2.5. Spiked Biomarkers in the Human Serum-Based Matrix
Human serum from male AB and purchased from Sigma Aldrich (Merck, Darmstadt, Germany) was used untreated. Next, the target proteins of c-Fn and MMP 9 were prepared at different concentrations around the clinical cutoff value of 3.4 µg/mL and 300 ng/mL, for c-Fn and MMP9, respectively (in a total volume of 100 µL of serum). Therefore, c-Fn was prepared in several concentrations of 1, 4, and 10 µg/mL; while MMP9 was prepared in concentrations of 100, 300, and 1000 ng/mL. In this study, the MNPs were used at a dilution ratio of 1:4 for c-Fn and undiluted for MMP9. The human serum samples, spiked with the respective biomarkers, were loaded into the microfluidic chip together with the functionalized MNPs and followed the protocol described in [29]. The result of the labeling process: the MNP-labeled specific biomarkers were quantified at the MR biochip platform. The mechanism of the signal acquisition from the MR sensor is described in Figure 3A,B. Briefly, a measurement is composed of three steps: (1) The baseline: the baseline is acquired by passing a PB for 5 min over the MR sensor surfaces, which are immobilized with the monoclonal antibodies. (2) The saturation: the MNP complexes, i.e., the MNP plus the specific target captured by the microfluidic chip, are inserted into the biosensor flow cell. Five min later, the magnetic focusing is applied to attract the MNPs to the top of the MR sensor surface to distribute the MNPs uniformly and to allow opportunities for the monoclonal antibodies to capture the MNP complexes. (3) The washing: after the saturation period of up to 25 min, the sensor surfaces are washed with a PB-T buffer (phosphate buffer with 0.05% Tween®20) until the signal is stable. In this step, most of the non-specific binding can be released from the sensor surface, leaving only the specific binding. Finally, the differential signal between the baseline and the saturation level, after the wash, was recorded as the binding signal.
2.6. Statistical Analysis
The MR biochip was composed of an array of 30 U-shaped SV sensors, where 15 were used for target binding, and the other 15 for the negative control. The signals were collected from at least 10 sensors for the target and negative controls, respectively.

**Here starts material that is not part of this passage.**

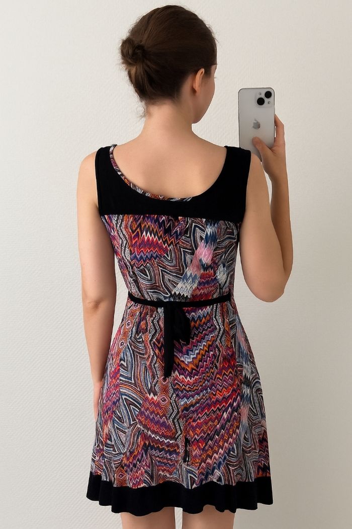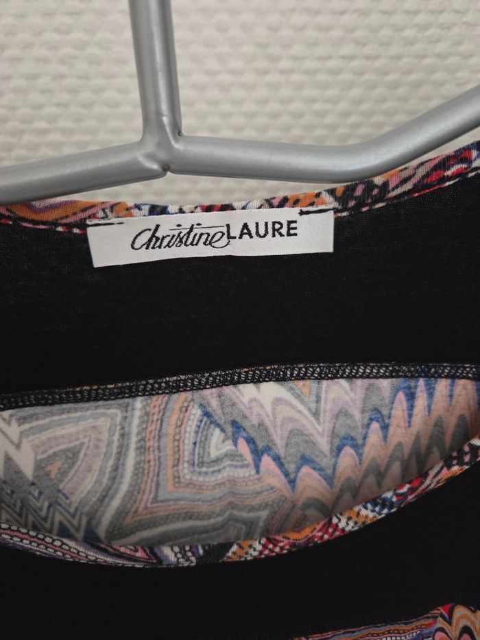 💰 Réductions activées sur les lots robe d'été de la marque française Christine Laure. Elle est en bon état, portée quelques fois seulement. Composition : 96 % viscose, 4 % élasthanne, ce qui la rend très agréable à porter, légère et un peu extensible. Motif : Graphique et coloré, dans les tons de bleu, rouge, beige et noir. Le haut de la robe est uni noir, avec un décolleté discret. Taille : 1. Elle convient à une taille S. Coupe : Cintrée, elle met bien en valeur la silhouette. Parfaite pour les beaux jours ou une soirée d'été !

The measured voltage signal in each sensing area was normalized using the following formula:
where VNORM is the normalized signal value and unitless, ∆V is the delta between the average of the baseline and binding signal, and VSENSOR is the average of the baseline (sensor output).
VNORM = ∆V/VSENSOR
The average signals of the active sensors in a measurement batch were calculated using the propagation of errors approach, where each average and standard deviation contribute to the calculated signal value. The curve fittings were obtained using the Hillslope model, with a 95% confidence level of the calibration curve, using 1000 data points, ANOVA using a maximum of 400 iterations. The signal level of the detection limit (YLOD) was calculated using the formula from [33]:
where SDC0 and SDC1 are the standard deviations from the blank measurement and the smallest concentration, respectively.
YLOD = 1.645 SDC0 + 1.645 SDC1
3. Results and Discussion
3.1. Repeatability of the Microfluidics
The molds fabricated by the CNC and 3D printer were compared to a reference mold previously fabricated in other published study on the CNC [29]. The parameters checked for the quality control (QC) of the microfluidic chips produced from those different fabricated molds, are summarized in Table 1. The molds with an acceptable QC were used for the PDMS casting to obtain the final microfluidic chips, which were tested against the targets of interest (c-Fn and MMP9). Following the labeling on a chip, the levels of the proteins were quantified using an MR biochip platform to demonstrate the reproducibility of the molds, and the respective repeatability of the measurements (Figure 4). The magnitude of the MR sensor signals is in a comparable range to the reference signal (light yellow region) obtained from our previous study [29]. In contrast, the microfluidic chips with a higher channel thickness show that the signals were significantly lower than those that passed the QC.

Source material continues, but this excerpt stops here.